Brief >> The task calls for an exact retyping of the lines from the one holding "On The Bias" through the end of the listing, with pictures omitted and nothing added.

____ Dataset excerpt

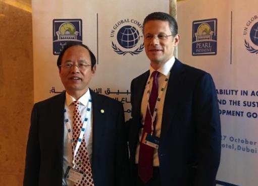 2016年10月24-27日,应联合国全球契约组织邀请,受中国华信董事会主席叶简明委托,董事会委员、工会主席、国际中心主任蒋春余率中国华信代表团在阿联酋迪拜出席联合国全球契约组织峰会。
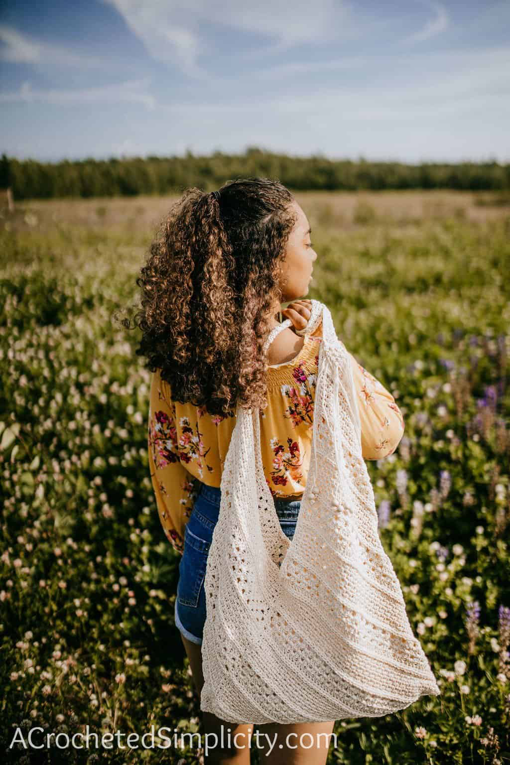 On The Bias Tote Bag (A Crocheted Simplicity): Made with simple stitches, this tote gets a playful, boho flair from a simple macramé detail and wooden beads on the strap. Get the free pattern here.
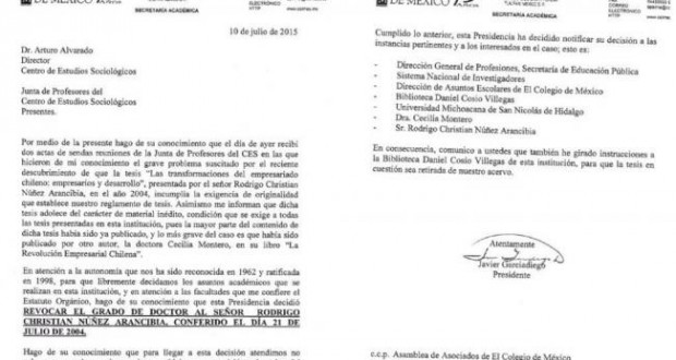 El Colmex retiró el grado de Doctor al sociólogo Rodrigo Christian Núñez Arancibia, por plagiar su tesis ‘Las transformaciones del empresariado chileno: empresarios y desarrollo’, presentada en el año 2004.

________

Exercise answer >>
 On The Bias Tote Bag (A Crocheted Simplicity): Made with simple stitches, this tote gets a playful, boho flair from a simple macramé detail and wooden beads on the strap. Get the free pattern here.
 El Colmex retiró el grado de Doctor al sociólogo Rodrigo Christian Núñez Arancibia, por plagiar su tesis ‘Las transformaciones del empresariado chileno: empresarios y desarrollo’, presentada en el año 2004.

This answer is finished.